Speaking of the opportunities in the patient care delivery space, “I think the opportunities are in better prediction and diagnosis, and there’s a lot going on in that area right now, because we have the data and reference sets, and AI is powering prediction,” says Tim Zoph, client executive and strategist at the Naperville, Ill.-based Impact Advisors consulting firm. “We’re finally capturing data now to be more precise around targeted treatments. We’re having better conversations about the effectiveness of treatments, and analyzing that effectiveness.”

Indeed, Zoph says, “The data is there, as are the processing power and the storage; the algorithms are evolving forward very quickly.” Still, he adds, “I think the ability to absorb this data, and to overcome individuals’ fears of being replaced, will be challenging.”

Among the recent patient care delivery examples Zoph cites are around using machine-learning algorithms and data fusion techniques to predict blood glucose fluctuation an hour ahead of time, assistance in diagnostic diabetic retinopathy, fueling voice-based clinician-patient encounters with predictive models to understand patients’ psychological states, and using patient-reported outcomes to enable better pre- and post-surgical care, as is taking place now at the Hospital for Special Surgery (an Impact Advisors client) in New York City.

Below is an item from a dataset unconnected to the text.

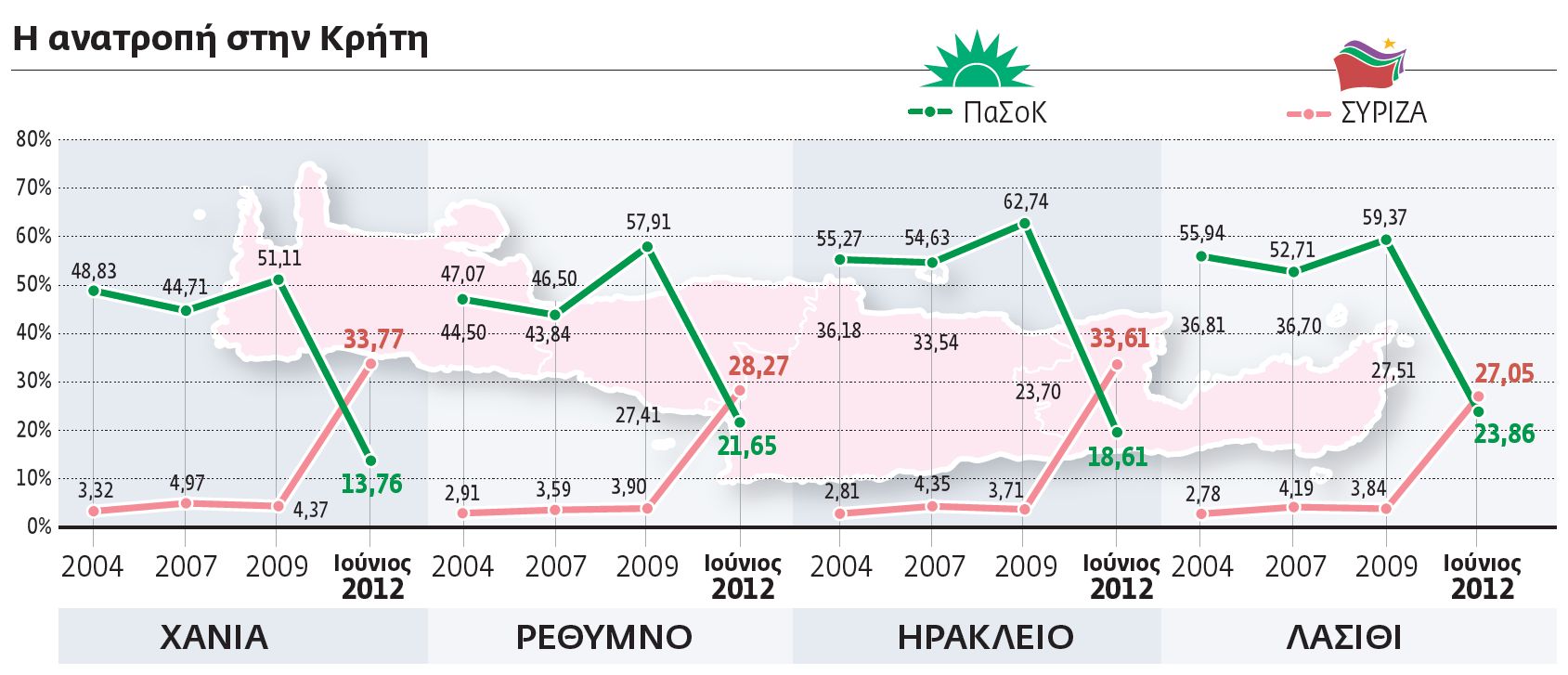 Τα ποσοστά όμως που έλαβε ο ΣΥΡΙΖΑ στην Κρήτη στην εκλογική αναμέτρηση του Ιουνίου του 2012 υπολείπονται κατά πολύ των ποσοστών που ελάμβανε συνήθως το ΠαΣοΚ καθ’ όλη τη μεταπολιτευτική περίοδο. Τα υψηλά ποσοστά του ΠαΣοΚ στη Μεγαλόνησο διατηρήθηκαν ακόμη και στην εκλογική αναμέτρηση του 2007, στην οποία το ΠαΣοΚ, παρ’ ότι διατήρησε την πρωτιά στην Κρήτη, έχασε το Ρέθυμνο. Σε αυτή την αναμέτρηση η ΝΔ που ήρθε πρώτο κόμμα πήρε το 46,50% των ψήφων και το ΠαΣοΚ το 43,84.

What’s more, things are expected to accelerate dramatically, says Optum’s Mehrotra. “One of the surveys we launched last fall, our inaugural OptumIQ Annual Survey on AI in Health Care, found that, on average, $32.4 million will be invested per organization, on AI, over the next five years. This is going to be a big investment area, and it will continue to grow, particularly in the next three years. And we asked how confident [organizations] were in getting ROI out of this, and 91 percent said they were confident they’d get a positive ROI; 75 percent were already deploying a strategy.

Clover Health’s Dharmarajan agrees. “I think machine learning will be used increasingly for identifying subsets of the population for clinical interventions,” he says. And, says Blumenfeld, “Yes, the same way you’ve seen other types of software get applied, you’ll see this. It’s a little harder than with a standard web application. But there’s so much value in there, I can’t imagine that one wouldn’t want to do this.”

In all this, Impact Advisors’ Zoph says, CIOs “will need to educate and prepare leadership teams and their organization for the culture impact that AI will have on your organizations. What will it mean to be more data-driven? How will we secure the confidence around obtaining data from patients? So, it’s about getting out in front of change processes,” and prepare one’s organization to move forward as a data-driven patient care organization.